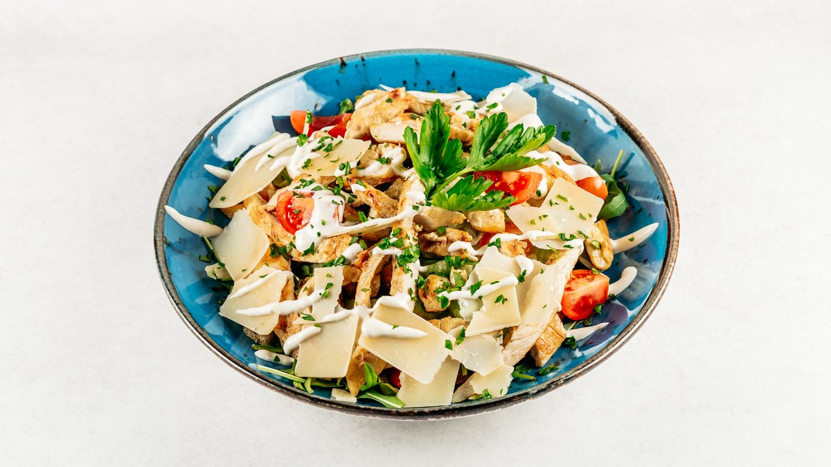 Hrskava svježa salata s rikulom, cherry rajčicama i krutonima, prekrivena grana padanom i piletinom u caesar umaku, GMO FREE
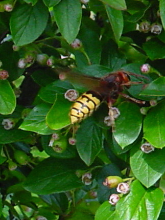 Da bin ich aber jetzt schon neidisch!Das heißt, die erste Brut ist geschlüpft, weißt du denn wo das Nest ist?Gruß Karindas wirkt jetzt etwas falschDer Cotoneaster hat sehr grosse Blaetter und Blueten. Dementsprechend ist es keine Wespe...
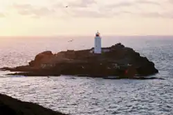 Godrevy (Cornish: Godrevi, meaning small farms) (/ɡəˈdrvi/ gə-DREE-vee)[1] is an area on the eastern side of St Ives Bay, west Cornwall, England, United Kingdom, which faces the Atlantic Ocean. It is popular with both the surfing community and walkers. It is part owned by the National Trust, and offshore on Godrevy Island is a lighthouse maintained by Trinity House which is said to be the inspiration for Virginia Woolf's novel To the Lighthouse.[2] Godrevy lies within the Cornwall Area of Outstanding Natural Beauty (AONB) and the South West Coast Path runs around the whole promontory. There are several public car parks on the western side where the National Trust owns and operates a café.[3]
§
Exercise requirements: Please reproduce the material above word for word, without its images.

Problem solution:
 Hrskava svježa salata s rikulom, cherry rajčicama i krutonima, prekrivena grana padanom i piletinom u caesar umaku, GMO FREE
 Da bin ich aber jetzt schon neidisch!Das heißt, die erste Brut ist geschlüpft, weißt du denn wo das Nest ist?Gruß Karindas wirkt jetzt etwas falschDer Cotoneaster hat sehr grosse Blaetter und Blueten. Dementsprechend ist es keine Wespe...
 Godrevy (Cornish: Godrevi, meaning small farms) (/ɡəˈdrvi/ gə-DREE-vee)[1] is an area on the eastern side of St Ives Bay, west Cornwall, England, United Kingdom, which faces the Atlantic Ocean. It is popular with both the surfing community and walkers. It is part owned by the National Trust, and offshore on Godrevy Island is a lighthouse maintained by Trinity House which is said to be the inspiration for Virginia Woolf's novel To the Lighthouse.[2] Godrevy lies within the Cornwall Area of Outstanding Natural Beauty (AONB) and the South West Coast Path runs around the whole promontory. There are several public car parks on the western side where the National Trust owns and operates a café.[3]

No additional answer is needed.